If a node which should receive a write is down, Cassandra will write a hint to a live replica node indicating that the write needs to be replayed to the unavailable node. If no live replica nodes exist for this key, and ConsistencyLevel.ANY was specified, the coordinating node will write the hint locally. Cassandra uses hinted handoff as a way to:
(1) reduce the time required for a temporarily failed node to become consistent again with live ones and
(2) provide extreme write availability when consistency is not required. A hinted write is NOT sufficient to count towards ConsistencyLevel requirements of ONE, QUORUM, or ALL.
Take the simple example of a cluster of two nodes, A and B, and a replication factor of 1 (each key is stored on one node).
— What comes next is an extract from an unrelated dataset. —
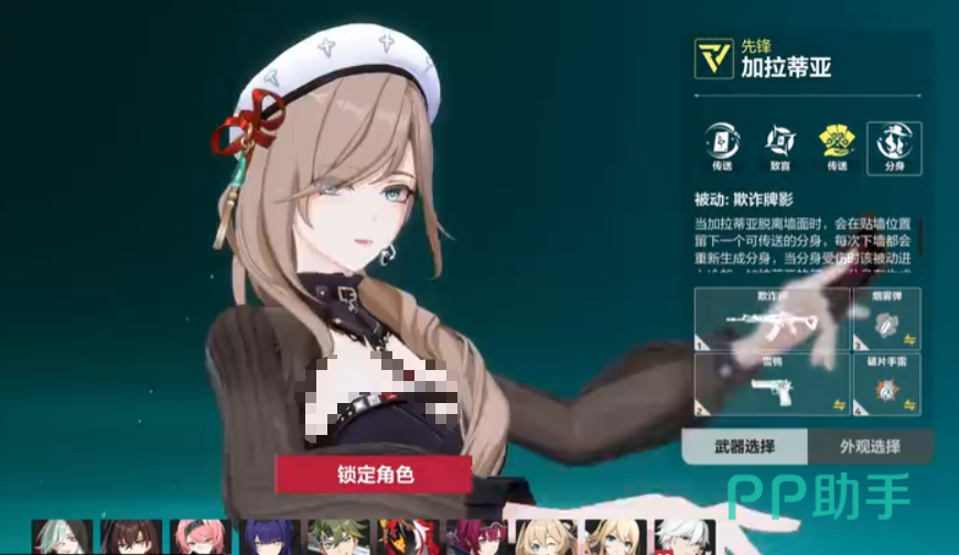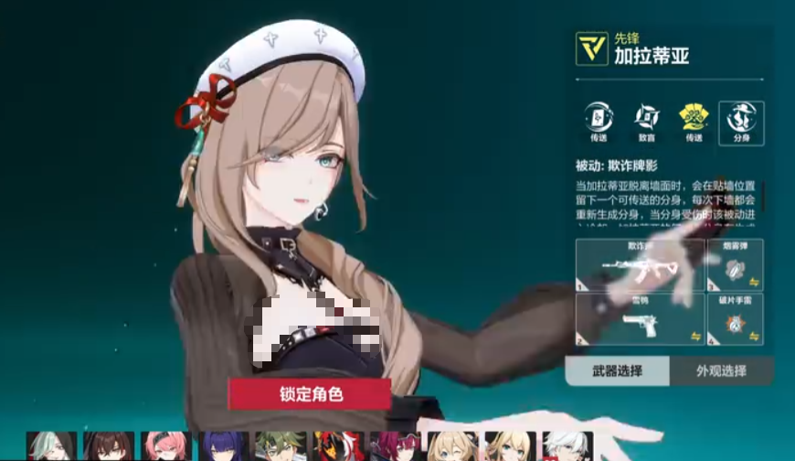 结合觉醒技所带来的隐身加速效果,加拉蒂亚在战斗中展现出极高的战术灵活性。防守阶段可通过投掷分身延伸枪线,遭遇威胁时则能迅速传送到任意分身位置并隐身撤离,极大增强了战场生存与机动能力。
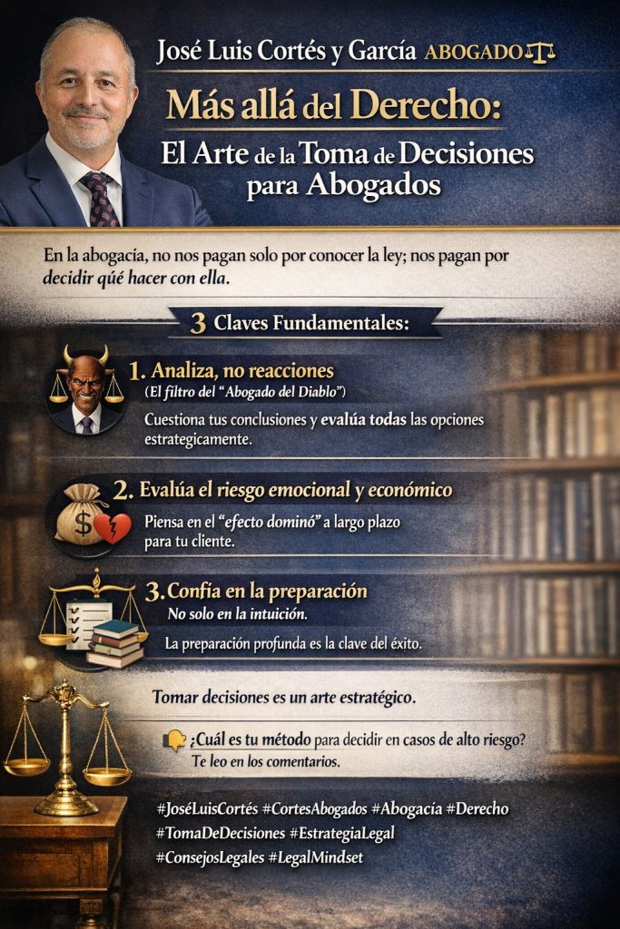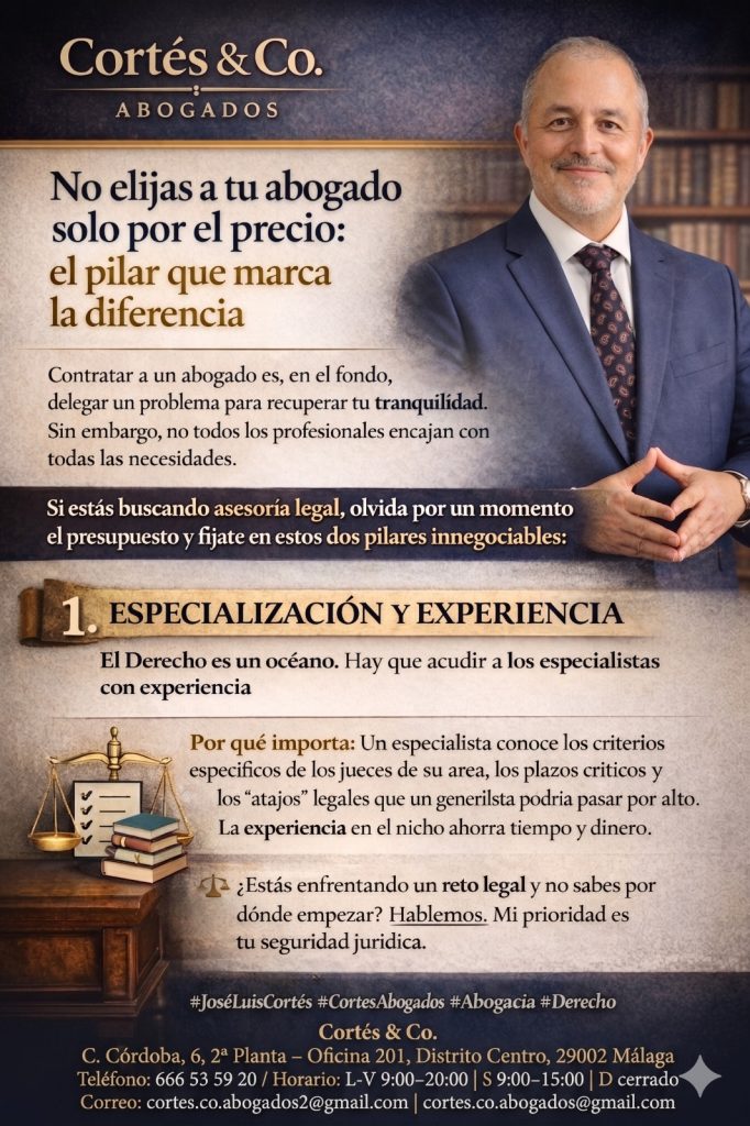 Contratar a un abogado no es solo encargar un trámite. Es confiar un problema importante para recuperar tranquilidad, seguridad y control. En Cortés & Co. Abogados sabemos que cada asunto exige una estrategia propia. Por eso, más allá del presupuesto, hay un factor decisivo: Especialización y experiencia. El Derecho es un océano. Un buen asesoramiento exige conocimiento técnico, visión práctica y experiencia real ante los tribunales. La experiencia permite anticipar riesgos, valorar escenarios, elegir la vía adecuada y proteger mejor los intereses del cliente. Porque una buena defensa no empieza en el juicio. Empieza en la decisión correcta. ⚖️ ¿Estás afrontando un problema legal y no sabes por dónde empezar? Hablemos. Nuestra prioridad es tu seguridad jurídica.Cortés & Co C. Córdoba, 6, 2ª Planta – Oficina 201, Distrito Centro, 29002 Málaga Teléfono: 666 53 59 20 Horario: L-V 9:00–20:00 | S 9:00–15:00 | D cerrado Correo: cortes.co.abogados2@gmail.com | cortes.co.abogados@gmail.com JoséLuisCortés #JoseLuisCortes #CortesAbogados #AbogadoCortes #Abogacía #Derecho #TomaDeDecisiones #EstrategiaLegal #ConsejosLegales #LegalMindset

Suppose node A is down while we write key K to it with ConsistencyLevel.ONE. Then we must fail the write: recall from the API page that "if W + R > ReplicationFactor , where W is the number of nodes to block for on write, and R the number to block for on reads, you will have strongly consistent behavior; that is, readers will always see the most recent write."
Thus if we write a hint to B and call the write good because it is written "somewhere," there is no way to read the data at any ConsistencyLevel until A comes back up and B forwards the data to him. Historically, only the lowest ConsistencyLevel of ZERO would accept writes in this situation; for 0.6, we added ConsistencyLevel.ANY, meaning, "wait for a write to succeed anywhere, even a hinted write that isn't immediately readable."